初夜から始まる夫婦事情~一途な次期社長の溺愛は鎮まらない~

「香子」

振り向こうのとしたのと同時に、後ろから来た柊哉さんが隣に並んだ。

驚く私に、柊哉さんが柔らかく微笑む。

「ただいま」

「お、お帰りなさい。びっくりした、まさかこんなところで会うとは思わなかったから」

咄嗟に腕時計を確認する。時計の針は十時十五分を指している。

「タクシーで帰って来たんだけど、香子が歩いているのが見えて降りたんだ」

「え、降りたの? 先に帰ってればよかったのに」

遅くまで打合せだったのなら疲れているんじゃない?

「香子と一緒に帰りたかったから」

「え?」

それだけの理由でタクシーを降りて追って来てくれたの?

「……嬉しいです」

くすぐったい気持ちになる。柊哉さんは私が持っていたパンとコーヒーの入った袋を引き受けてくれた。

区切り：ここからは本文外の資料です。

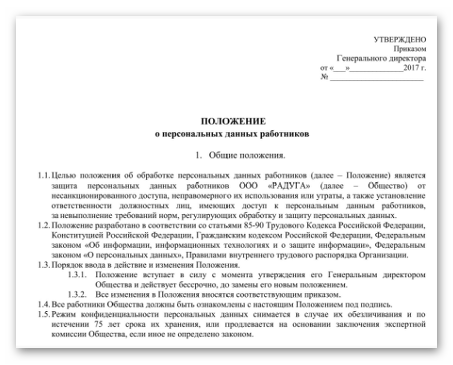 В данном разделе допустимо ссылаться на ФЗ «О персональных данных» №152, Трудовой кодекс и Конституцию РФ. Также стоит определить порядок обработки информации о сотрудникахорганизации.

ふたり並んで夜の道を歩く。柊哉さんと一緒だとただの帰り道も楽しくなる。夜の散歩って感じで、遠回りをしたいくらい。

「今まで仕事してたのか?」

柊哉さんの声が夜の街に響く。

「予定外の仕事が入ってしまって九時過ぎまで残ってたの。駅前のスーパーに寄ったからこんな時間になっちゃった」

「そうか。総務も忙しいんだな」

「そこそこには……あ、柊哉さんは食事は済ませて来てる?」

「軽く。香子は?」

「私はまだだけどパンを買ってあるの。多めに買ったから柊哉さんも一緒に食べませんか?」

ひとりで食べるより、二人の方が美味しく感じるもの。

いつもと違うコーヒーも買ってみたので、柊哉さんの感想も聞いてみたい。